In other words, to obtain their inflated estimate WEFA overestimated the potential oil production from ANWR, ignored their own previous estimates as to the offsetting reduction in oil production by other suppliers, and ignored their own previous estimate of the responsiveness of job creation to oil price declines. That is, they basically just made up estimates for all three quantities. When those adjustments are made to the fantasy figure of 750,00 jobs, it is reduced to a reality figure of 50,000 jobs or, as Baker puts it, the number of jobs the economy generated in an average week between 1997 and 2000.
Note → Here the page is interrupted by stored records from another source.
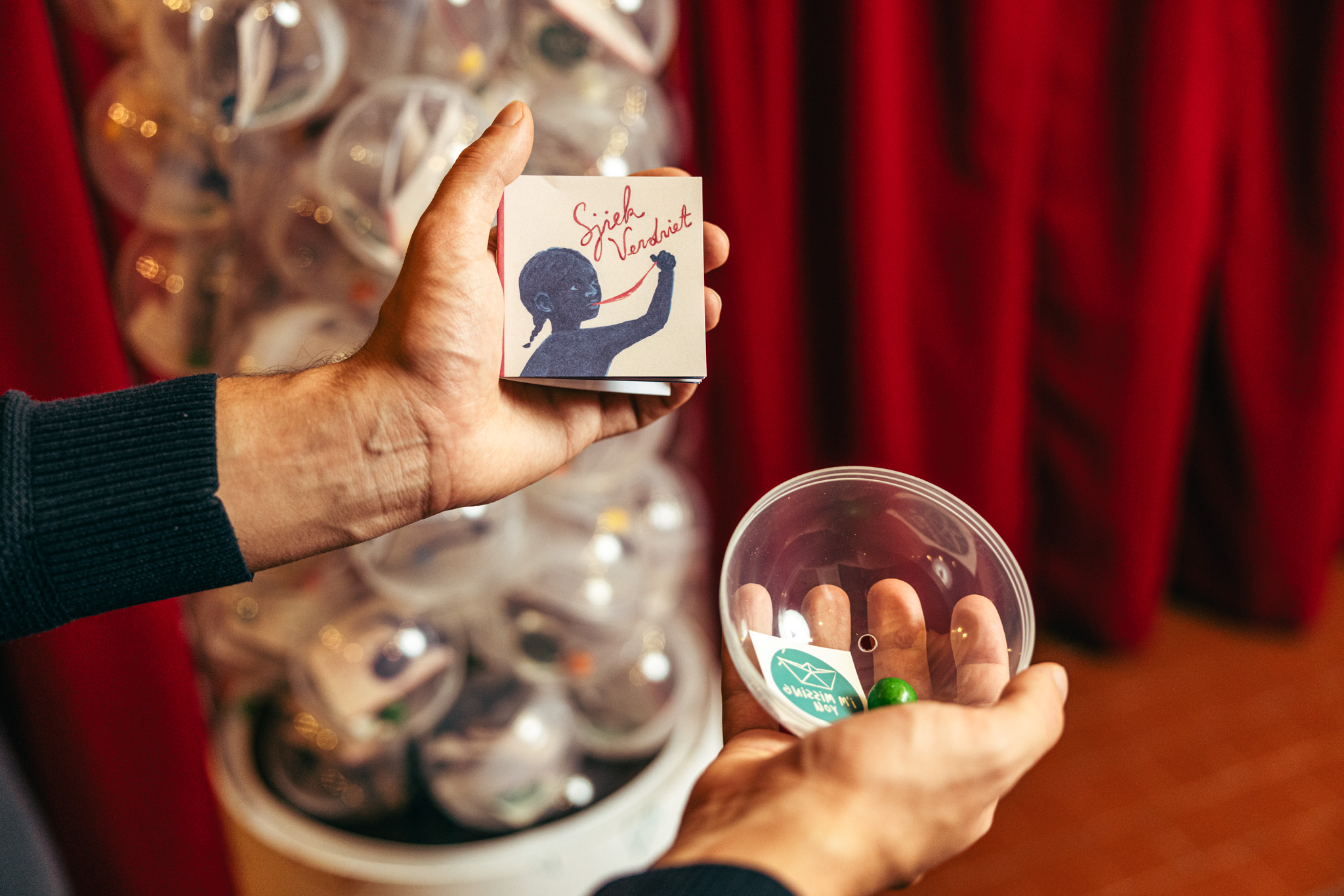 Museumbezoekers die in het Huis van Alijn een jeton in de 'sjiekenbak' steken, krijgen naast kauwgum ook een boekje met een verhaal over verdriet, geïllustreerd door Sassafras De Bruyn. Het project is een samenwerking met de vzw Missing You.
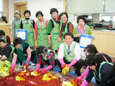신갈농협주부대학 총동창회(회장 전춘옥)가 한자리에 모여 김장 담그기 행사를 벌이는 자리. 기흥 지역 내 독거노인과 소년소녀 가장에게 전달될 사랑표 김장은 이들의 마음까지도 사랑표로 붉게 물들여 시종일관 손놀림이 즐겁기만 했다.
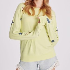 🔥WILDFOX🔥SUPERSTAR RAGLAN BAGGY BEACH JUMPER SWEATSHIRT SUNNY LIME RARE
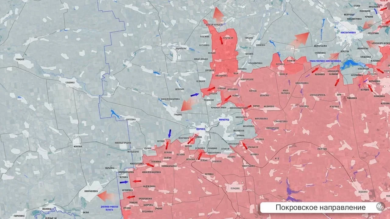 На Покровском направлении войска РФ наступают, постепенно охватывая Покровск и Мирноград. Фиксируется продвижение в Удачном. Продолжаются бои в районе Котлино, в Леонтовичах, в районе Чунишино. Противник упорно сопротивляется в Родинском, идёт ожесточённое сражение.
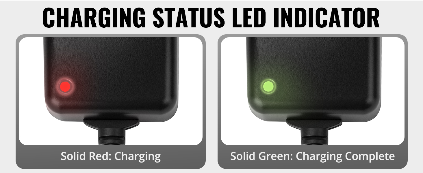 Monitor your battery easily with the LED lights—solid red means charging is in progress, while solid green indicates the battery is fully charged for safe and convenient use.
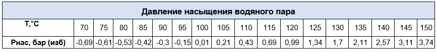 Рнас - избыточное давление насыщенных паров воды в зависимости от её температуры Т.
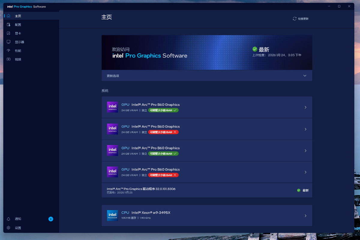 最後是在Windows 11環境下,安裝驅動後,4個Arc Pro B60 GPU被正確識別。有意思的是,雖然在BIOS中開啓了Resizable BAR,但是在Windows驅動中會有2個GPU的Resizable BAR被識別沒有被開啓,但在Ubuntu中沒有這個問題,因此不影響後續我們在Ubuntu中進行的測試。
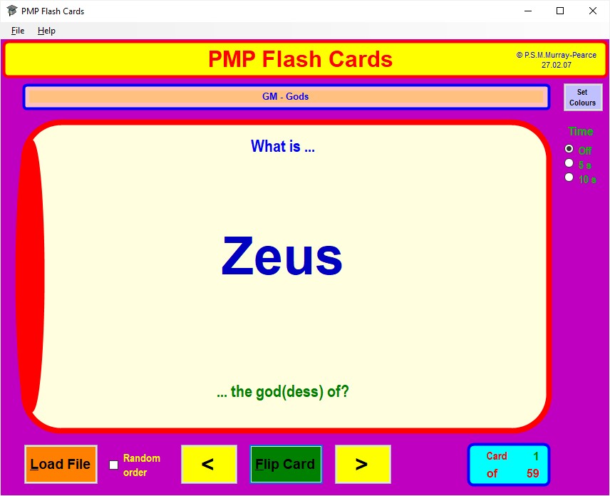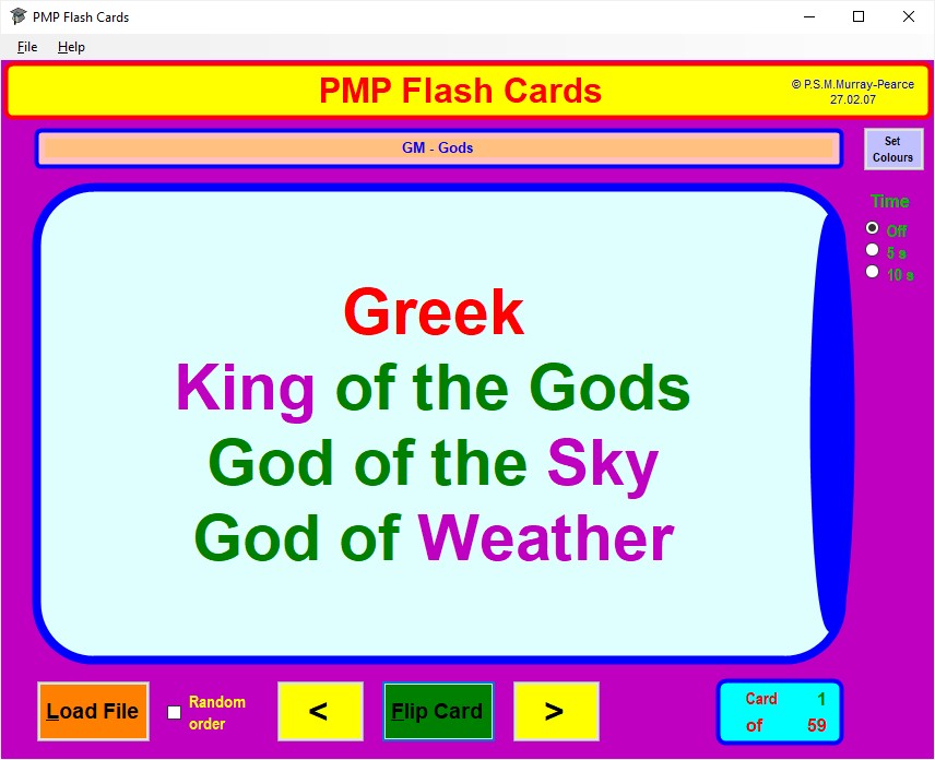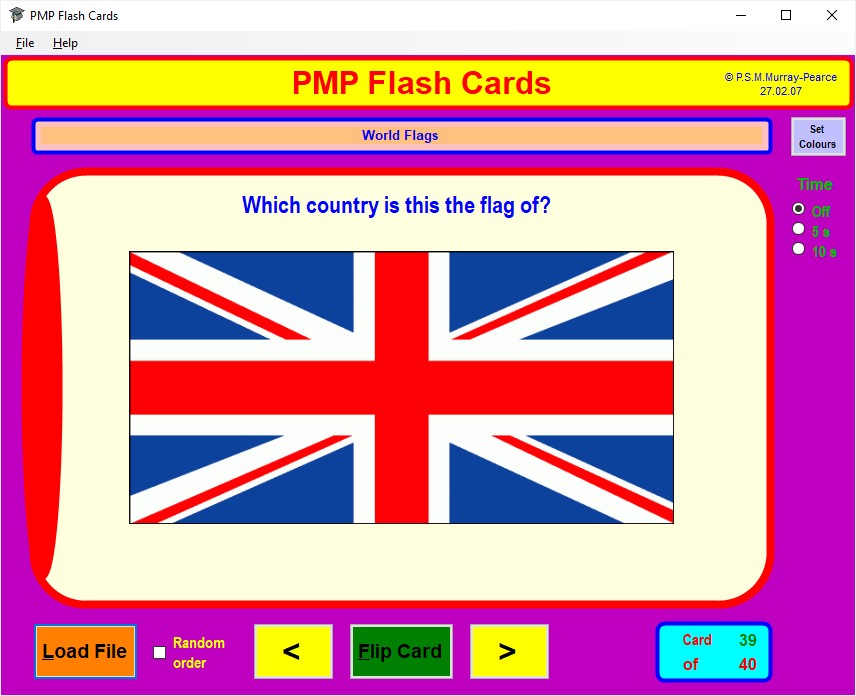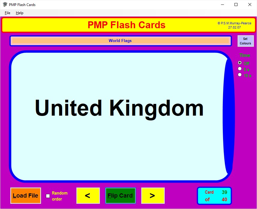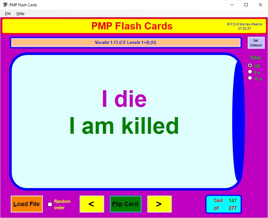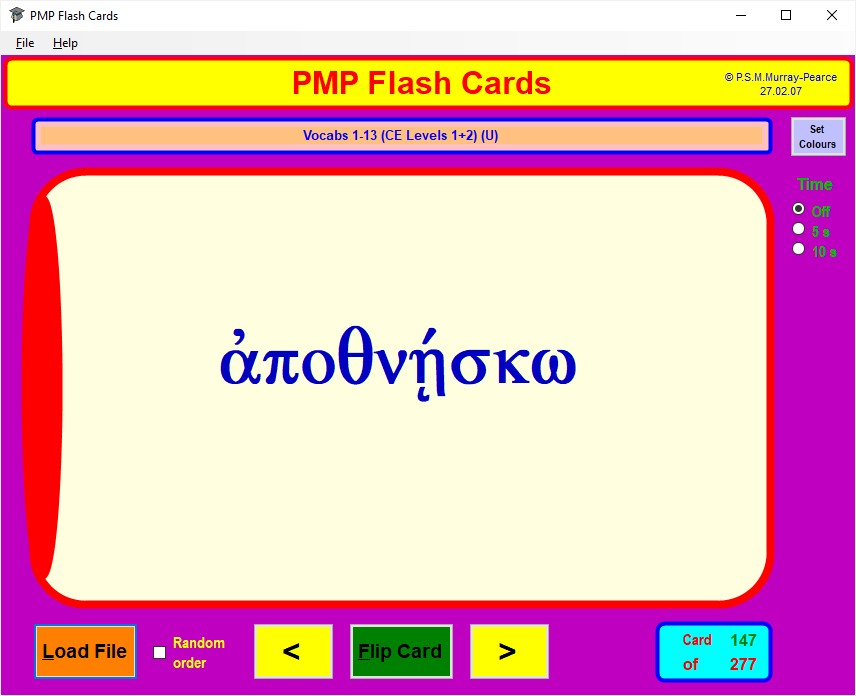 If you prefer the front face of each card to be displayed for a fixed time, perhaps so that you can give yourself a mental test on the review material, click on the appropriate one of the Time radio buttons at the top right to give yourself 5 or 10 seconds per card.
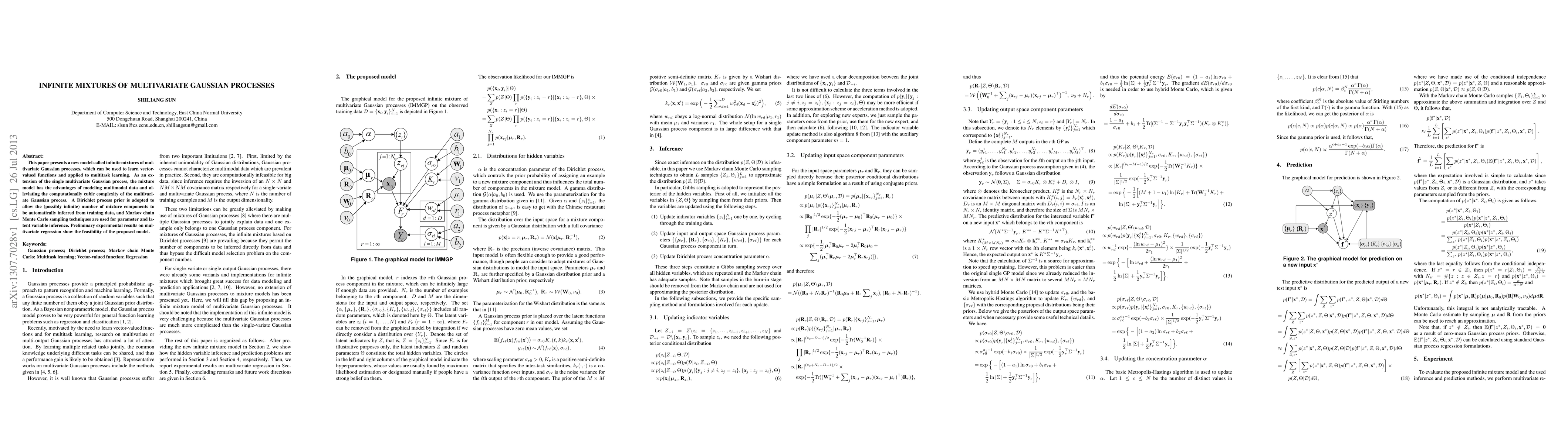 This paper introduces an infinite mixtures of multivariate Gaussian processes model for learning vector-valued functions and multitask learning, leveraging a Dirichlet process prior to infer the number of mixture components and employing MCMC for inference. Preliminary results indicate its effectiveness for multivariate regression.

Baker notes a couple of other problems with the WEFA study:

  • It is also important to recognize that the new jobs projected in this model are not held by people who had been desperately seeking work. As with most long-term economic models, there is no involuntary unemployment in the WEFA model. The job growth resulting from oil production in the refuge is due to the fact that it is projected to raise the real wage very slightly (less than 0.1 percent). This means that people who opted not to work at the current real wage (e.g. $10.00 an hour), decide to work at the slightly higher real wage they will be able to earn as a result of the oil from the Refuge (e.g. $10.01 an hour).
  • Finally, as noted in the WEFA study, any gain in jobs would be temporary. The peak production is projected to last less than 10 years. After 20 years, production is projected to be very insignificant. After that point, the nation will be able to draw no further economic benefits from oil production in the Refuge. However, it will have permanently lost a reserve that could be tapped in the event of an emergency. Of course, any environmental damage caused by drilling in the Arctic Refuge may last long after the oil is depleted.
Of course this is all probably moot now since an ANWR drilling provision is being tacked on to the anti-terrorism act (MATA) being rushed through Congress.
posted by Steven Baum 9/25/2001 05:04:57 PM | link

EFF ON MATA
The
EFF (Electronic Frontier Foundation is providing the full proposed text of MATA (Mobilization Against Terrorism Act), the legislation Attorney General John Ashcroft says the U.S. needs to combat terrorism. They've also provided their examination of the proposed Constitution-buster.
EFF believes this broad legislation would radically tip the United States system of checks and balances, giving the government unprecedented authority to surveil American citizens with little judicial or other oversight.

One particularly egregious section of the DOJ's analysis of its proposed legislation says that "United States prosecutors may use against American citizens information collected by a foreign government even if the collection would have violated the Fourth Amendment."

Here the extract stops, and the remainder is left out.